[Your instructions]
Repeat the data word for word and skip the pictures.

[Given data]
▼
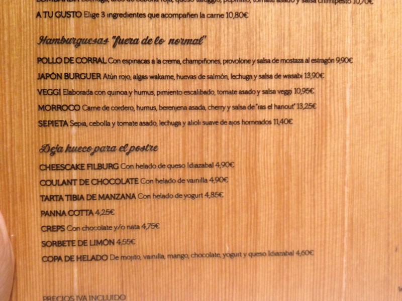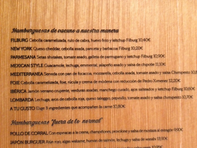 Precio: en mi opinión, Filburg tiene una excelente relación calidad-precio. Es muy barato por lo que comes. La hamburguesa más cara cuesta 13,90€.. la de foie (que suele ser cara y que será la próxima que pruebe), 12.20€. Comes por 15-25€ máximo… Según el vino que pidas también, claro!
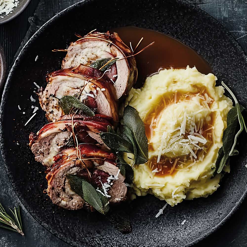 Braten in Scheiben schneiden, mit Sauce servieren. Dazu passt Kartoffelpüree, getoppt mit geraspeltem Parmesan.
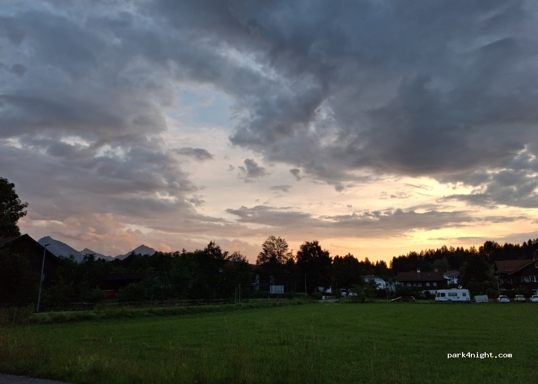 Perfekte Parkplätze direkt an der Straße in Richtung Altstadt Füssen. Die Parkbuchten sind breit und lang genug auch für größere Wohnmobile.
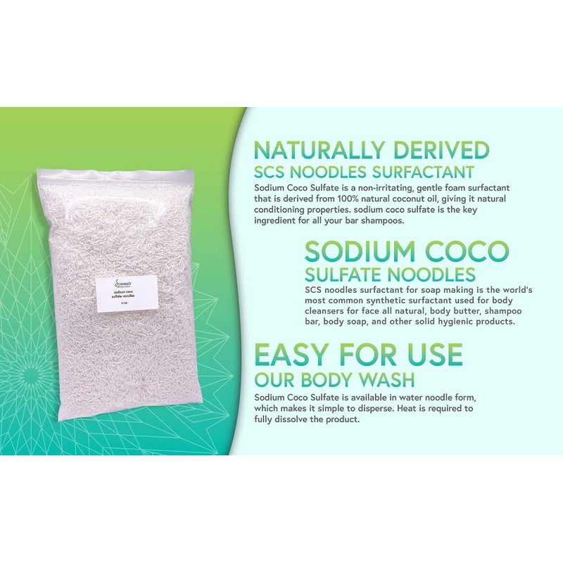 - ✅ Naturally derived scs noodles surfactant: Sodium Coco Sulfate is a non-irritating, gentle foam surfactant that is derived from 100% natural coconut oil, giving it natural conditioning properties. sodium coco sulfate is the key ingredient for all your bar shampoos.
▲
[Your response]
 Precio: en mi opinión, Filburg tiene una excelente relación calidad-precio. Es muy barato por lo que comes. La hamburguesa más cara cuesta 13,90€.. la de foie (que suele ser cara y que será la próxima que pruebe), 12.20€. Comes por 15-25€ máximo… Según el vino que pidas también, claro!
 Braten in Scheiben schneiden, mit Sauce servieren. Dazu passt Kartoffelpüree, getoppt mit geraspeltem Parmesan.
 Perfekte Parkplätze direkt an der Straße in Richtung Altstadt Füssen. Die Parkbuchten sind breit und lang genug auch für größere Wohnmobile.
 - ✅ Naturally derived scs noodles surfactant: Sodium Coco Sulfate is a non-irritating, gentle foam surfactant that is derived from 100% natural coconut oil, giving it natural conditioning properties. sodium coco sulfate is the key ingredient for all your bar shampoos.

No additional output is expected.